Бобешу хотелось пойти вместе с дедушкой, но это на самом деле было очень далеко, и он такой дороги не выдержал бы. Бобеш не мог смотреть на плачущую мать. Сам плакать он уже не мог. Ему казалось, что он выплакал все слезы, и все-таки грудь у него как-то странно сжималась и слезы сами бежали. Вдруг Бобеш почувствовал, что у него прерывается дыхание, и тогда он испугался, не разболеется ли он, как Франтишек, не стянет ли и у него тоже животик. Когда Франтишек начинал кашлять (это был уже не кашель, а какой-то с трудом издаваемый стон), у Бобеша мороз пробегал по коже.
Перестал идти дождь, но небо все еще было в тучах. Комната казалась Бобешу совсем другой, и все было какое-то другое. Сегодня как-то слишком громко тикали часы, и бой был какой-то противный. Бобеш охотно остановил бы их.
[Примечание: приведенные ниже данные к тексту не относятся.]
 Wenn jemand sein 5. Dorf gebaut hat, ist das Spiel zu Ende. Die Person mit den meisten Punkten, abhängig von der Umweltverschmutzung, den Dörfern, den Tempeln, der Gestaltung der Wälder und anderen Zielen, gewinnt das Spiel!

Потом он вспомнил, как фабрикантша рассказывала у реки, что доктор вылечил ее собачонку и что собачонка уже снова жрет. (Бобеш помнил, что она сказала «кушает», но он ни за что на свете не сказал бы так о собаке.) Как же так, собачонку доктор вылечил, а Франтишека не вылечит? И как эта пани беспокоилась о собачонке, как кричала! Мама тоже беспокоится о Франтишеке, конечно, не меньше той пани, но она ведь плачет и жалуется потихоньку. Та пани падала в обморок, а мама не падает. И, несмотря на это, Бобеш был совершенно убежден, что мама Франтишека очень любит. Ему даже казалось, что плачет она теперь больше, чем тогда, когда он, Бобеш, болел.
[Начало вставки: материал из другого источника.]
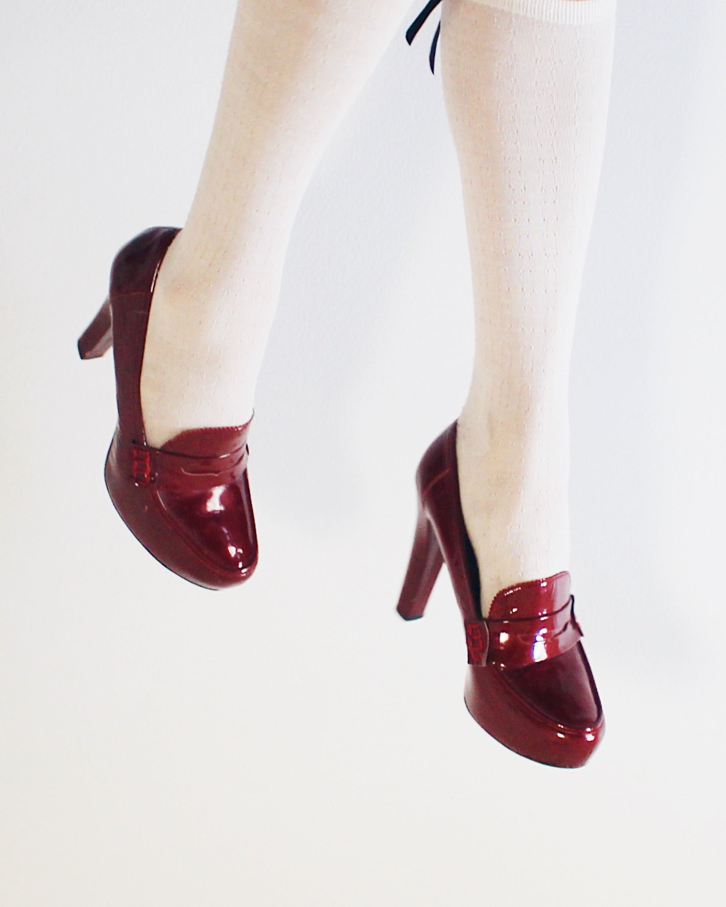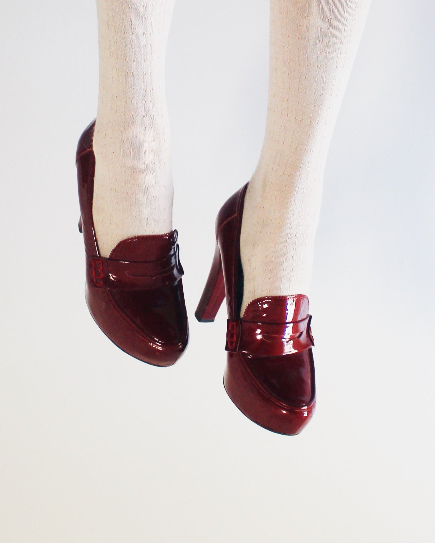 Burgundy Chunky Heeled loafers Librarian shoes with an academic corporate vibe

«Откуда только эти болезни берутся? – думал он. – Ведь перед тем как заболеть, Франтишек был такой веселый, смеялся». Они играли вместе в прятки. Бобеш прятался от него под постель, а когда замечал, что Франтишек приближается, он высовывал голову и рычал на Франтишека. Малыш с громким смехом и криком убегал от постели. Франтишек делал вид, будто бы боится Бобеша, а потом они вместе валялись на полу. Бобеш ложился на спину, а Франтишек перелезал через него. А теперь вдруг эта болезнь, и щечки у Франтишека совсем запали и так тяжело ему дышать. Наверное, в нем что-нибудь есть, что-нибудь душит его. Мама так хочет ему помочь, но ничего не может сделать. И доктор, наверное, тоже не может. Ах, если бы мама перестала плакать! Бобеш положил руки на лавку, голову на руки и уснул. Мать взяла спящего Бобеша и отнесла в постель.
Когда Бобеш проснулся, в комнате была полутьма. Сначала ему показалось, что никого нет. Но когда он приподнялся, то заметил, что мать и бабушка сидят у люльки и тихо плачут. Мать, пожалуй, – даже не плакала, а только вытирала слезы, а бабушка все время вытирала нос. Когда мать подняла голову и увидела Бобеша, она встала, молча подошла к нему и поцеловала в лоб. Бобеш совсем растерялся. Потом она взяла его за руку и подвела к люльке. Бобеш видел, что у Франтишека закрыты глазки, а ротик немножко приоткрыт. Он казался очень бледным и как будто бы чуть потоньше, чем всегда. Лежал он спокойно, без движения.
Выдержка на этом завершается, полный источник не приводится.